There is another dimension to consider in the constitution of this concept of Trieb: a historical one. It is worth noting that thermodynamics serves as a kind of bridge between the physical and historical perspectives through the concept of energy transformations. While the idea of energy transformation is not itself inherently historical, it opens a pathway to understanding the problems that a historical interpretation of the notion entails.
On this subject, I would like to highlight—though this is likely already known—that Freud undoubtedly studied the works of Groos, particularly The Play of Man and The Play of Animals. In The Play of Animals, one finds an extensive historical account of the notion of Trieb, translated here as “instinct,” though it is indeed Trieb being discussed.
Groos’s historical exposition is valuable for tracing the notion of Trieb back to sources Freud likely consulted, extending as far back as the 18th century and the Enlightenment philosophy concerning the progression from the animal realm to the cultural one. It is reasonable to think Freud referred to Groos’s The Play of Animals when developing the concept of Trieb.
Certain affinities—at least suggestive ones—are apparent between Freud’s ideas and those found in Groos, even though Freud’s thought far exceeds Groos’s in depth. For example, there are interesting overlaps between Freud’s notion of repetition and some of the ideas presented in Groos’s work on human play. These overlaps, while not exhaustive, merit attention.
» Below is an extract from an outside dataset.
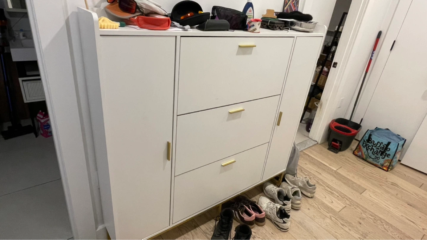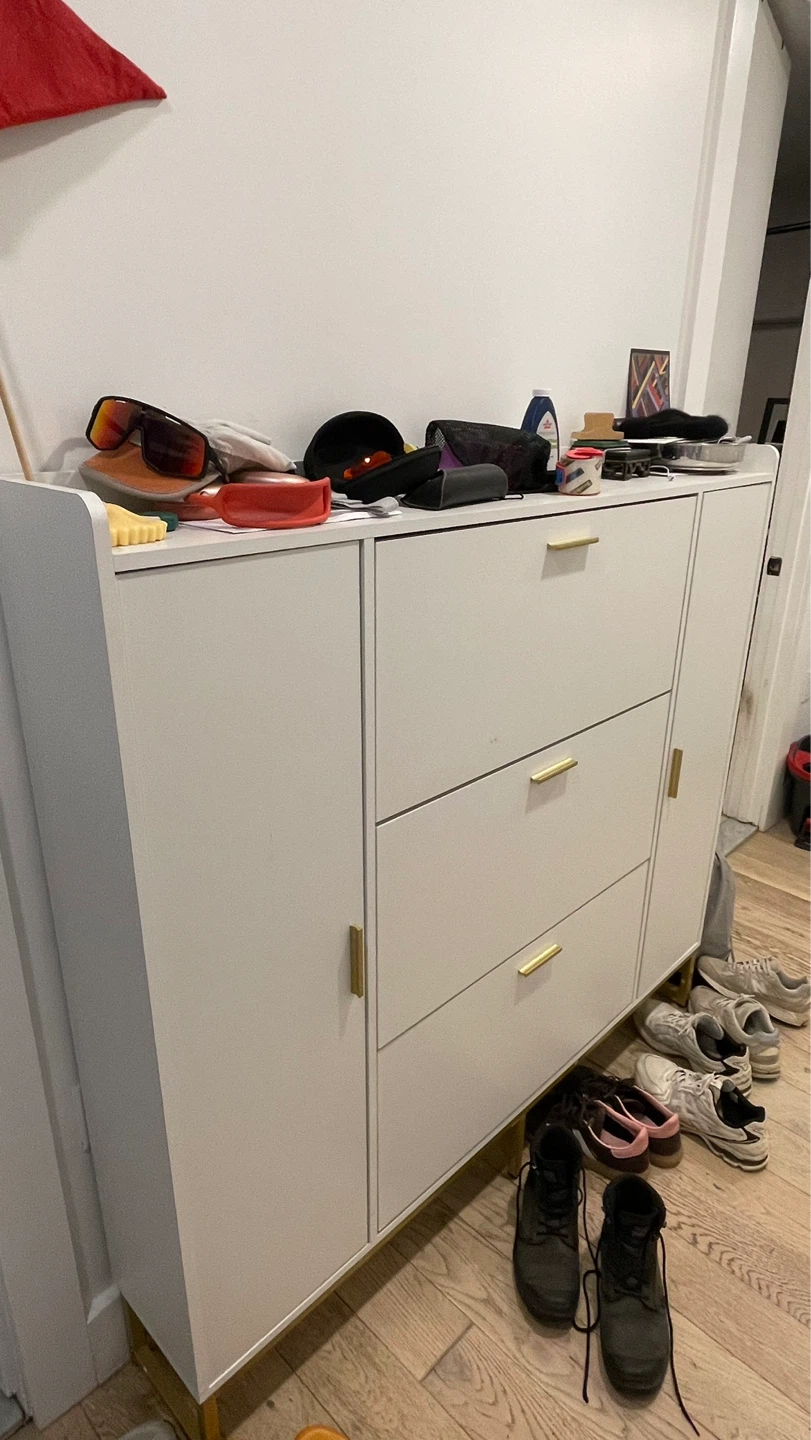 White shoe cabinet with three drawers and side cabinets. It has gold-colored legs. This cabinet provides ample storage for shoes and other items. Its clean design complements various home decors.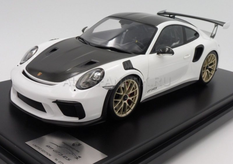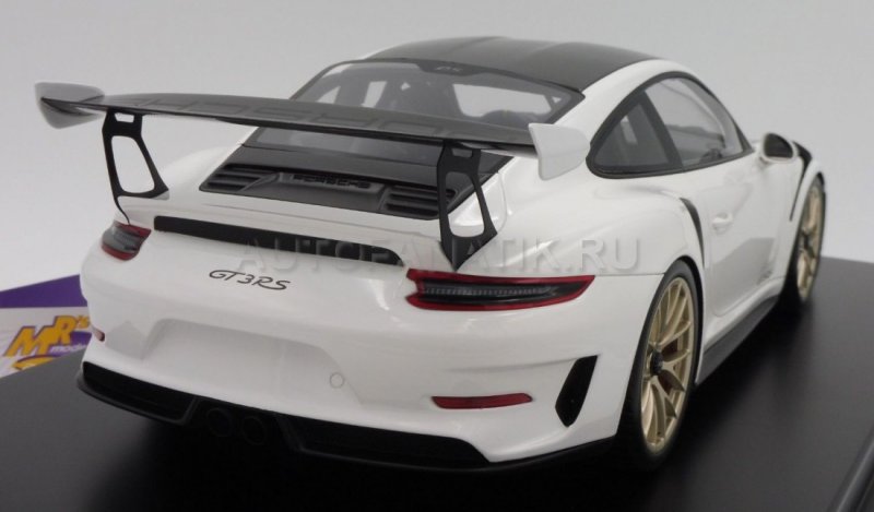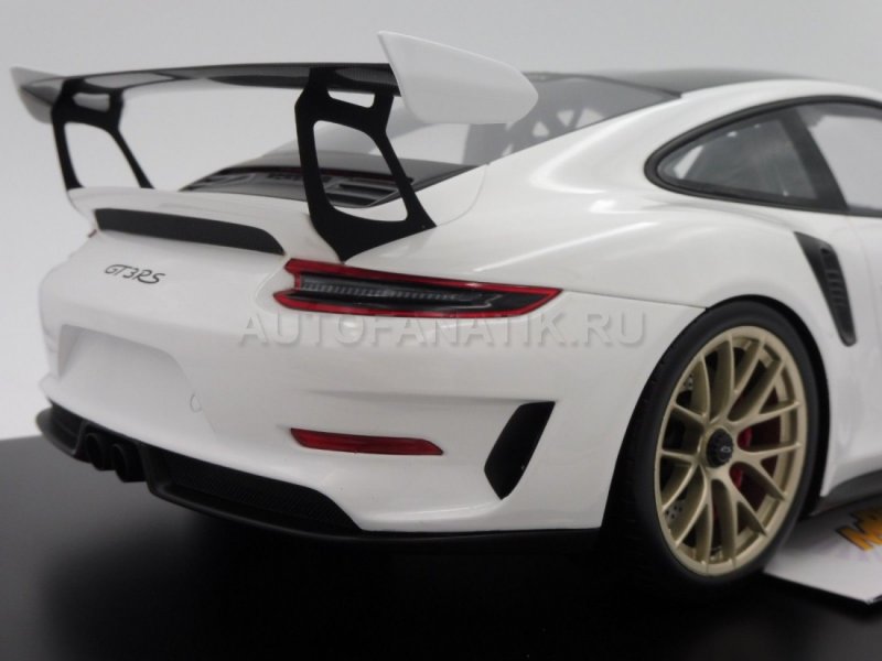 Спортивный болид в ультимативной гоночной спецификации "Weissach Package". Фантастическая детализация - отличие от оригинала только в масштабе. Карбоновые детали. Крупнейший масштаб 1:12, длина модели примерно 38 см. Производитель: Spark. Ограниченная серия, граничащая с эксклюзивностью: будет выпущено только 300 экземпляров с индивидуальными номерами-табличками.

The historical trajectory of the notion of drive
This gives us a historical aspect of the notion of drive. The problem becomes one of determining how far the notion of drive can take us along the path of historicity. In essence, starting from a thermodynamic conception, the question is this: What traces can the transformations of energy leave?
One might argue that historicity arises when energy is not merely considered transformable but when its transformations leave behind traces that themselves mark its passage. It is this characteristic—energy leaving its traces—that can define historicity. This framework allows us to articulate the two dimensions—the thermodynamic and the historical—together.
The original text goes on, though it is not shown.